Over the years I have made my fair share of mistakes. I have grown from resenting him to understanding how easy it is to be afraid to take steps forward... not as though I am doing a job Fathers should do, but because somehow I think I understand because I have anxiety and addictions, and depression - and I believe he has some kind of chemical imbalance that can all play a part in what could have made him decide he wasn't the best to be around for.

He chose to be great friends with my grandfather, and on and off talk to my mom, but never his kids, which is where my anger stems from more. I feel like he just hated us. I am not fully over that but I would take any time I have with him to get to know him, not tell him I hate him.

So as I grew up, I found a way to set aside anger and look for him. I continuously looked and my instincts led me to finding a facebook name like his. There were numerous names, and most had no picture. My instincts had me pick one and write it a message. Turns out I got ahold of him after all these years.


It was sketchy at first in 2010-2011, and led to me not calling him and he didnt call me after a while, I was still scared, and as much as I want him in my life I couldn't be brave enough to see him at that time.

A few months ago in April I found out his Father passed away. (grandfather on his side I never met or seen) and a few years before that his Mom passed (grandmother I haven't met or seen)

I wrote him on Facebook giving my condolences, and asked him a few questions about the world that I was scared about, and I ended up talking to him again.

He seems very open about how much he has missed in our lives, and how he loves us, and how he wasn't the best person to be around, or how he was sick, etc. I don't know all the details. He calls often, but its not for very long, and I still have yet to just sit me & him to fill eachother in on life.

I was nervous but August 18th I got him to swing by on his motorcycle and see me for the first time in like 15-20 years. It dosent seem that long, but I guess according to the calendar it has been. I was nervous, but I feel I am just like him inside, so I wasn't terrified.



He has made it a point to come by and drop off a framed picture of us together his girlfriend/best friend has made for us both, which was very touching.

I will always be afraid to hear promises from my Dad. I don't know him too well, and he dosen't know me fully yet. I will take this as it comes. I let him see his grandchildren. I am also honest to my kids, so if he did stop coming by/talking , I will simply tell them its because "he may be scared or maybe when we talk to him again we can ask him" I don't sugar coat things too much for my kids.

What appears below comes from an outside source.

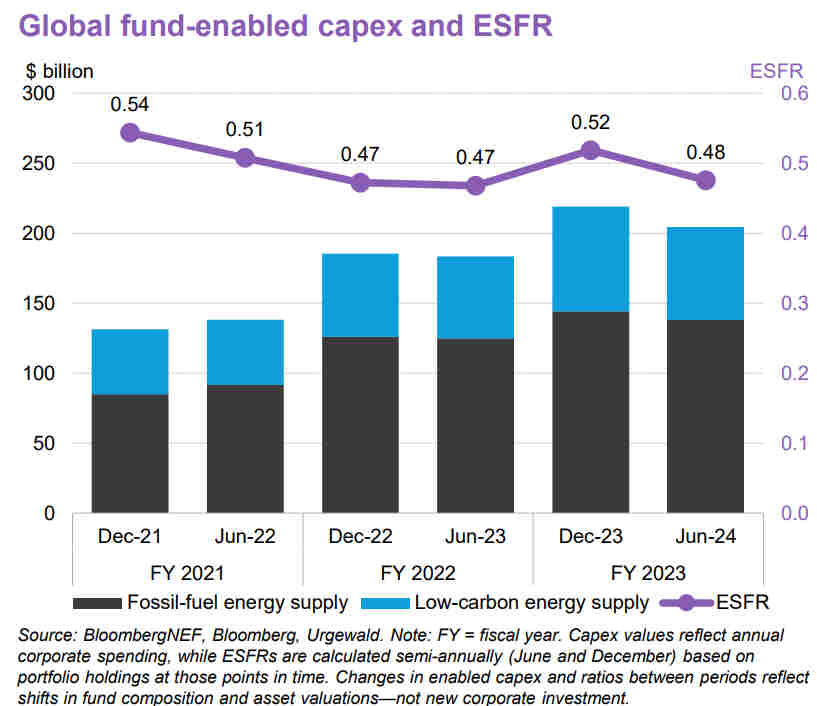 Per ogni dollaro speso in conto capitale - cioè spese per infrastrutture, impianti, tecnologie - dai fondi di investimento in asset petroliferi, di gas naturale o di carbone, solo 48 centesimi sono investiti in tecnologie a basse emissioni di carbonio. Lo rivela l’ultima analisi di Bloombergnef (Bnef) contenuta nel rapporto pubblicato lo scorso 11 giugno, l’Energy supply fund-enabled capex ratio (Esfr), in cui sono stati valutati quasi 70mila fondi attraverso l’introduzione di un nuovo parametro - l’Esfr - capace di misurare l'allineamento “climatico” dei portafogli.

The fact that my Dad is around, and I am now 30 years old ((says the calendar) even though I think I am 18, )) is just weird. i told him I need time to just sit and talk things out for a while with him, not just a 15minute visit, or 5 minute phone call. Even though it was so much more than I have ever got from him.

I assure him he is doing the right thing, and I also got him talking to my younger sister. She laid into him at first and got emotional, and so did he, which was a good thing.

I think I am just scared that he may go astray again. Normal feelings I would say.

He's not perfect, I know this, but I will do my best to build this relationship.

Thank you for reading. Feel free to comment.
(p.s. the pic shows my full body shot almost, so compare that with my heaviest pic, lol!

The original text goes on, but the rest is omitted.